The basic design pattern of OHMI is illustrated in Fig. 2. An ontology design pattern is a general pattern to solve a recurrent modeling problem in ontology development by providing scalable and robust representations of entities and entity relations of a certain sort [23]. Terms from the Relation Ontology (RO) [28] have been used to represent OHMI assertions and to formulate corresponding definitions. Specifically, a host-microbiome interaction (HMI) is defined as follows:

Fig. 2
figure 2

Illustration of OHMI ontology design pattern for representing host-microbiome interactions. The red box represents different levels of host-microbiome interactions. A specific example is the OHMI representation of a human-microbiome interaction in which the human host has the disease ankylosing spondylitis (AS). The human and microbiome classes are duplicated in this figure for clarity. Note that not every organism has the ‘host role’, and the role is here assigned to a host organism only in the case of host-microbiome interactions

Full size image

host-microbiome interaction = def. an interaction that occurs between a microbiome and its host.

with a logically equivalent class definition as follows:

host-microbiome interaction: interaction and (‘has participant’ some host) and (‘has participant’ some microbiome).

Each HMI occurs in some specific anatomic entity (for example the gut) located in the host organism. This host organism may in addition have a disease – a phenomenon that is illustrated by the representation of a general HMI pattern in patients with ankylosing spondylitis (AS) (Fig. 2). In this example, ‘AS human-gut microbiota interaction’ is a HMI in which the host is a human with AS, while ‘gut’ is the anatomic entity where the microbiota resides. The ‘expansion of Porphyromonas macacae in AS human gut’ is an ‘AS human-gut microbiota interaction’ in which the size of the population of Porphyromonas macacae is increased (Fig. 2).

As of September 9, 2019, OHMI contains 1238 terms, including 1020 classes, and 128 object properties. OHMI includes 481 OHMI-specific classes and properties with the “OHMI_” prefix, which are new ontology terms not covered in any other OBO Foundry ontologies. More detailed and updated OHMI statistics can be found at the Ontobee statistics page at: http://www.ontobee.org/ontostat/OHMI.
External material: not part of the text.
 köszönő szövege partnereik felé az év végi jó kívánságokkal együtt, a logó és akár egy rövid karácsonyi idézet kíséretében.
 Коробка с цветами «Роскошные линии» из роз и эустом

Systematic collection and representation of rheumatic disease-related HMI knowledge

As a major use case, we systematically collected and annotated the peer-reviewed results of studies of HMI related to rheumatic diseases. Rheumatic diseases are characterized by inflammation of connective tissues, most commonly the joints, but also the tendons, ligaments, bones, muscles, and even solid organs. Our use case study focused on the most common rheumatic diseases, including AS, enthesitis-related arthritis (ERA), gout, psoriatic arthritis (PsA), RA, and systemic lupus erythematosus (SLE), which affect approximately 1% of the global human population. RA is a common rheumatic disease characterized by persistent synovitis, systemic inflammation, and autoantibodies [29]. Many studies have found close associations between rheumatic diseases and HMI [30,31,32,33]. Specifically, the gastrointestinal microbiome and its homeostasis are altered in patients with autoimmune and inflammatory rheumatic diseases such as RA [33, 34]. A significant amount of research on the role of the microbiome in autoimmunity has focused primarily on RA [35].
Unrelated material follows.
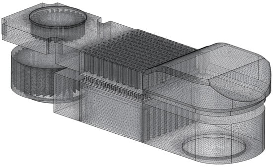 As the first step in the pre-processing, simulation domains subject to electro-thermo-fluidic analysis were selectively extracted from the CAD model illustrated in Figure 1. Among shape details, small-sized features were eliminated, such as small rounds or steps, since they may cause poor computational efficiency due to unnecessary element refinement without significantly affecting computational accuracy. Subsequently, the connectivity between CAD components was checked and modified where necessary to extract the three-dimensional volumes corresponding to the fluid domains so that each cavity space had a well-defined continuous and closed surface. In total, two fluid domains corresponding to cold and hot air ducts were created from the cavity of the CAD assembly model after small feature removal and continuity check. After the fluid volume creation, solid parts, such as the plastic covers and fan blades, not included in the computational analysis were removed. Thin adhesive layers between the thermoelectric part and the heat sinks were modeled as shell elements, not three-dimensional elements. The thickness was set to 500 m to calculate the adhesive layer’s thermal resistance and temperature gradient using the shell element.

To better understand the relations among rheumatic diseases and microbiomes, we performed a meta-analysis of such relations from relevant literature. In total, from 52 papers (Additional file 2), we found references to 138 bacteria and fungus from the gut, oral cavity, skin, and airway that are associated with the six rheumatic diseases listed above. As an example, the review article by Rosenbaum and Asquith [36] described how microbiome components such as Prevotella copri, Porphyromonas gingivalis, and Collinsella are expanded or depleted in anatomical locations such as the gut, mouth, lung, and skin in the patients of rheumatic diseases, and the possible underlying mechanisms. These microbe-rheumatic disease associations were represented in the OHMI using the design pattern described above (Fig. 2). Our meta-analysis identified increased or decreased microbe populations in patients with different types of rheumatic diseases (Additional file 2).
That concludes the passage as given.